- [Data extracts]:
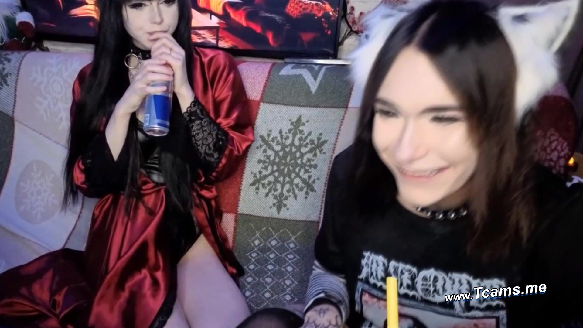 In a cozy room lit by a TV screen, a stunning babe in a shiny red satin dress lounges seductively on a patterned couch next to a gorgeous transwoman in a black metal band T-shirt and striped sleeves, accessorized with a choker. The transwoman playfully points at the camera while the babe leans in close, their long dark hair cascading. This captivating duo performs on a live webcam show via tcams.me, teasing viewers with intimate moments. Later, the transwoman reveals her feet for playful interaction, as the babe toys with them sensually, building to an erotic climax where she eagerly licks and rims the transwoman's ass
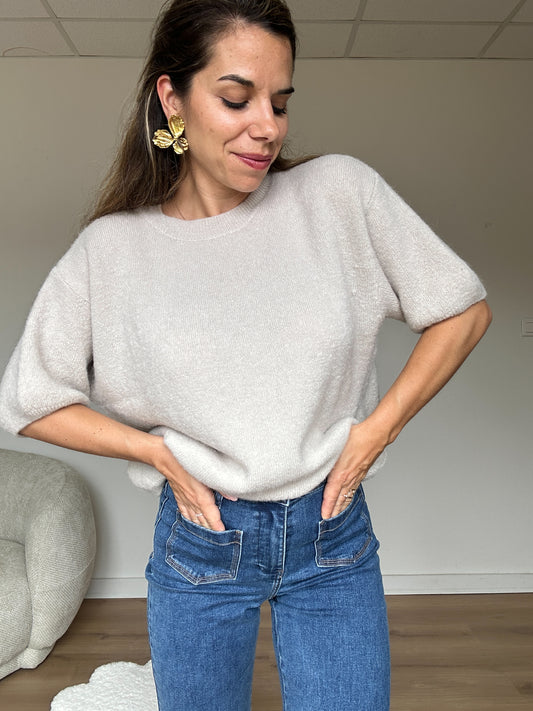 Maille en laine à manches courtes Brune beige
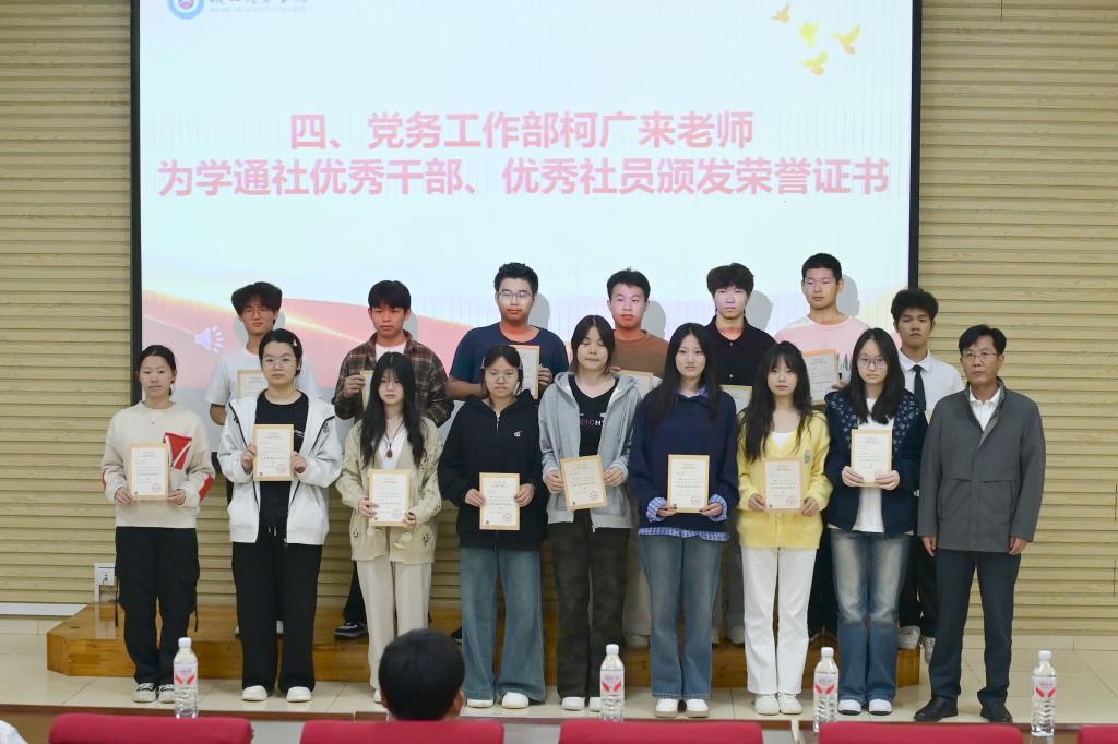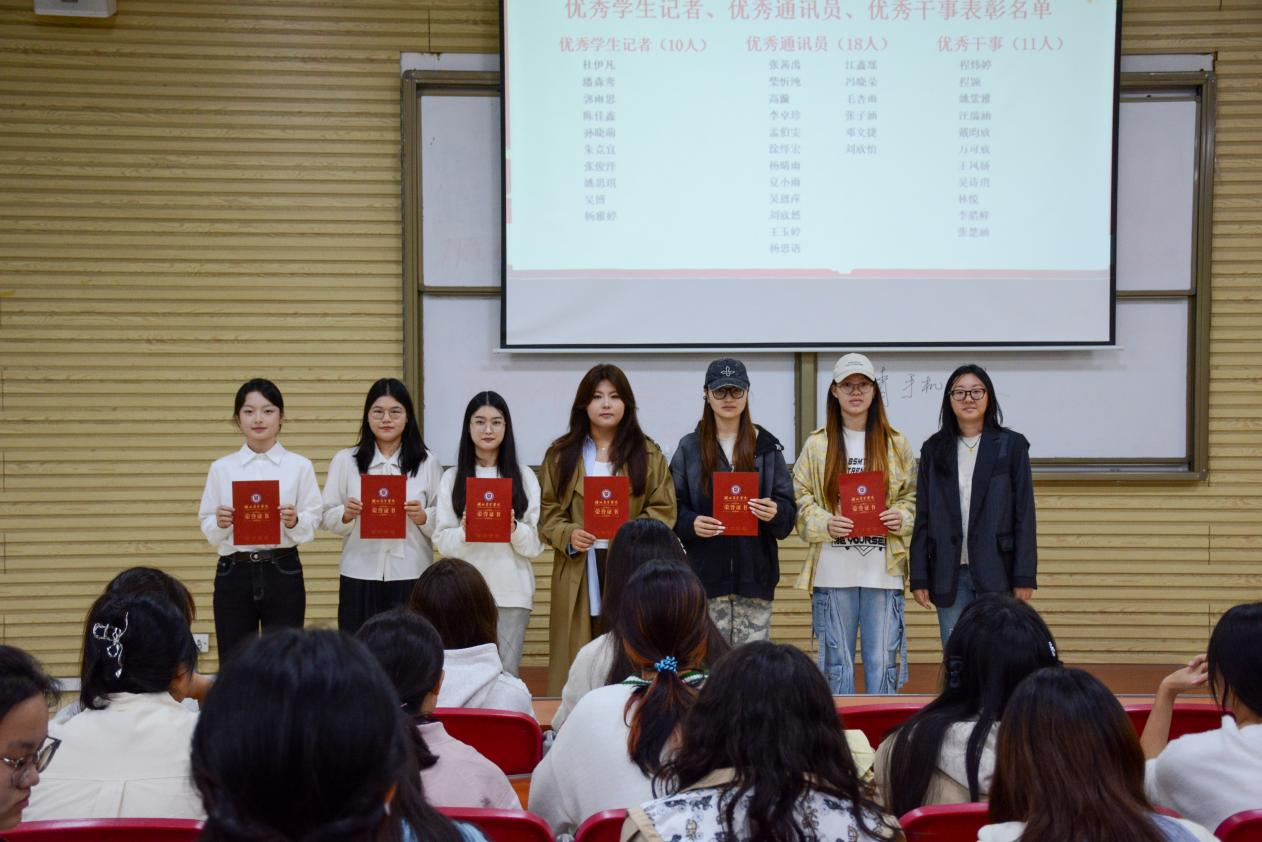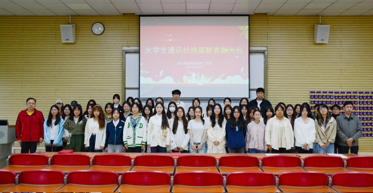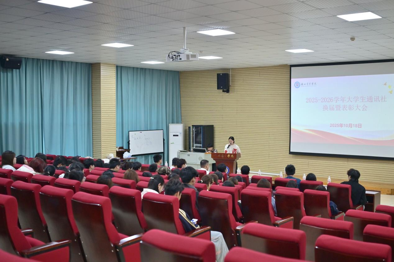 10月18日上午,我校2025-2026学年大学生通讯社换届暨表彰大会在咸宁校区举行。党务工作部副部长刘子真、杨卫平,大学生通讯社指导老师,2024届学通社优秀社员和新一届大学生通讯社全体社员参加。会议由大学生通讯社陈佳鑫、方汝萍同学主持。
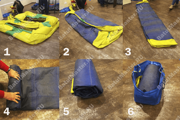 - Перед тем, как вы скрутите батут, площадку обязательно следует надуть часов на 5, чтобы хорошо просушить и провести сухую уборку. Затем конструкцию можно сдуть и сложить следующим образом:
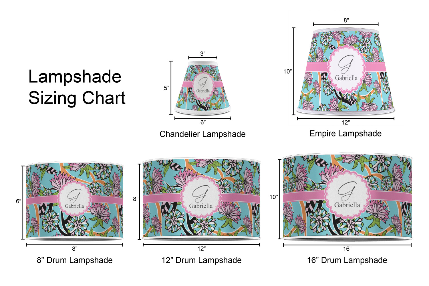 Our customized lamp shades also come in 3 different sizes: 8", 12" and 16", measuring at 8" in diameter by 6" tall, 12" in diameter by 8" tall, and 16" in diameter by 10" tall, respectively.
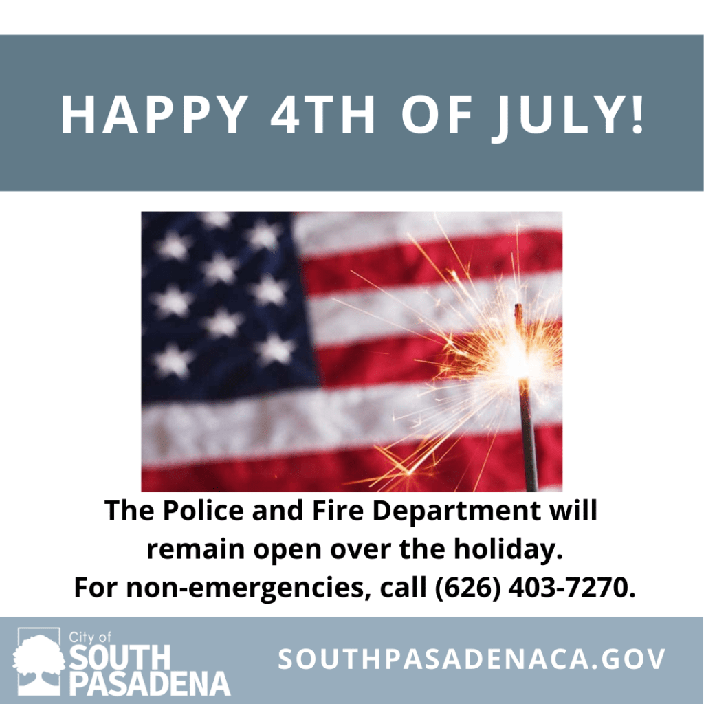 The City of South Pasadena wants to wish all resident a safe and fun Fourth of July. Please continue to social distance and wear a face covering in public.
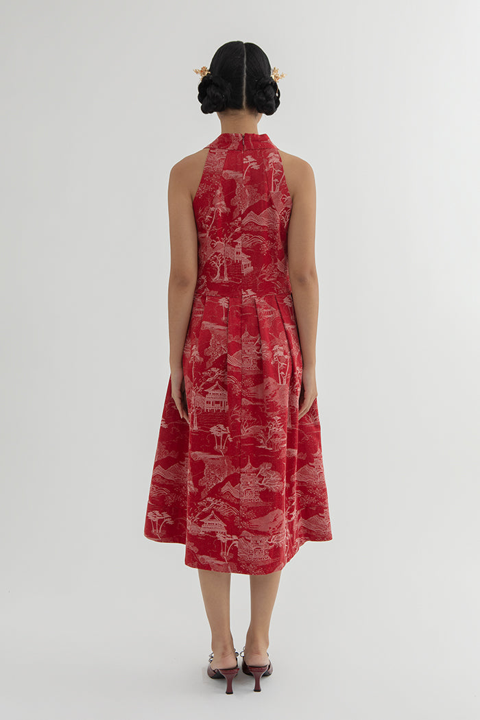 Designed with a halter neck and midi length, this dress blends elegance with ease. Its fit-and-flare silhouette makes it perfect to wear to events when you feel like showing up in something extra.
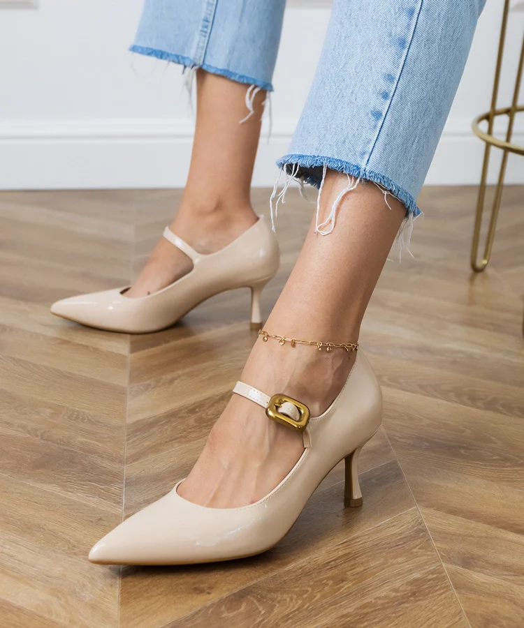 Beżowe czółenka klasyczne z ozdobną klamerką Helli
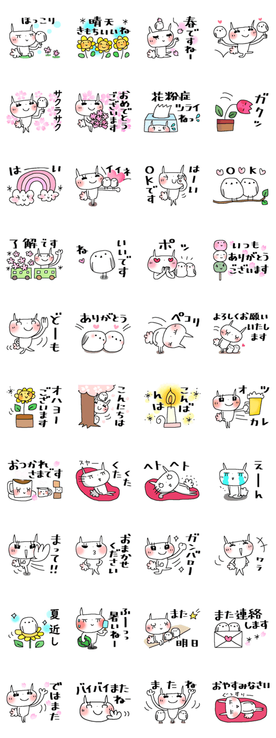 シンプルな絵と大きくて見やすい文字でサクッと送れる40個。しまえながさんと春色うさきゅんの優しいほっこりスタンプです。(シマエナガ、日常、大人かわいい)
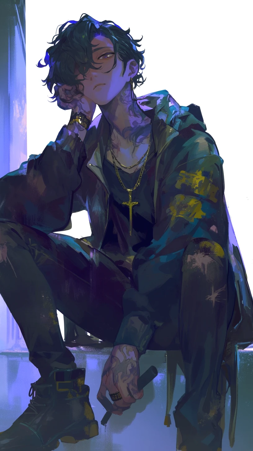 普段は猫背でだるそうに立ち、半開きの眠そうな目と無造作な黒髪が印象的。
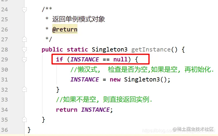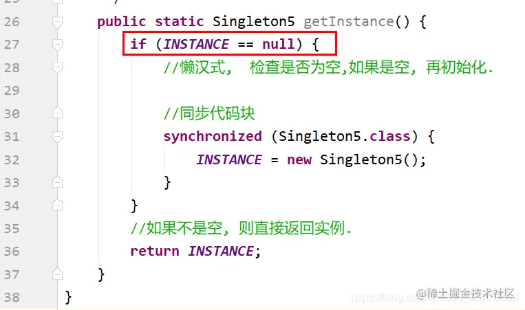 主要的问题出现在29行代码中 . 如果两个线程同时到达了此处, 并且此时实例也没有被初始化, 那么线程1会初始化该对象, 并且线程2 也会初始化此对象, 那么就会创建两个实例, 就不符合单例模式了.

- [Assignment]:
Copy all the entries word for word. Omit any pictures.

- [Reply]:
 In a cozy room lit by a TV screen, a stunning babe in a shiny red satin dress lounges seductively on a patterned couch next to a gorgeous transwoman in a black metal band T-shirt and striped sleeves, accessorized with a choker. The transwoman playfully points at the camera while the babe leans in close, their long dark hair cascading. This captivating duo performs on a live webcam show via tcams.me, teasing viewers with intimate moments. Later, the transwoman reveals her feet for playful interaction, as the babe toys with them sensually, building to an erotic climax where she eagerly licks and rims the transwoman's ass
 Maille en laine à manches courtes Brune beige
 10月18日上午,我校2025-2026学年大学生通讯社换届暨表彰大会在咸宁校区举行。党务工作部副部长刘子真、杨卫平,大学生通讯社指导老师,2024届学通社优秀社员和新一届大学生通讯社全体社员参加。会议由大学生通讯社陈佳鑫、方汝萍同学主持。
 - Перед тем, как вы скрутите батут, площадку обязательно следует надуть часов на 5, чтобы хорошо просушить и провести сухую уборку. Затем конструкцию можно сдуть и сложить следующим образом:
 Our customized lamp shades also come in 3 different sizes: 8", 12" and 16", measuring at 8" in diameter by 6" tall, 12" in diameter by 8" tall, and 16" in diameter by 10" tall, respectively.
 The City of South Pasadena wants to wish all resident a safe and fun Fourth of July. Please continue to social distance and wear a face covering in public.
 Designed with a halter neck and midi length, this dress blends elegance with ease. Its fit-and-flare silhouette makes it perfect to wear to events when you feel like showing up in something extra.
 Beżowe czółenka klasyczne z ozdobną klamerką Helli
 シンプルな絵と大きくて見やすい文字でサクッと送れる40個。しまえながさんと春色うさきゅんの優しいほっこりスタンプです。(シマエナガ、日常、大人かわいい)
 普段は猫背でだるそうに立ち、半開きの眠そうな目と無造作な黒髪が印象的。
 主要的问题出现在29行代码中 . 如果两个线程同时到达了此处, 并且此时实例也没有被初始化, 那么线程1会初始化该对象, 并且线程2 也会初始化此对象, 那么就会创建两个实例, 就不符合单例模式了.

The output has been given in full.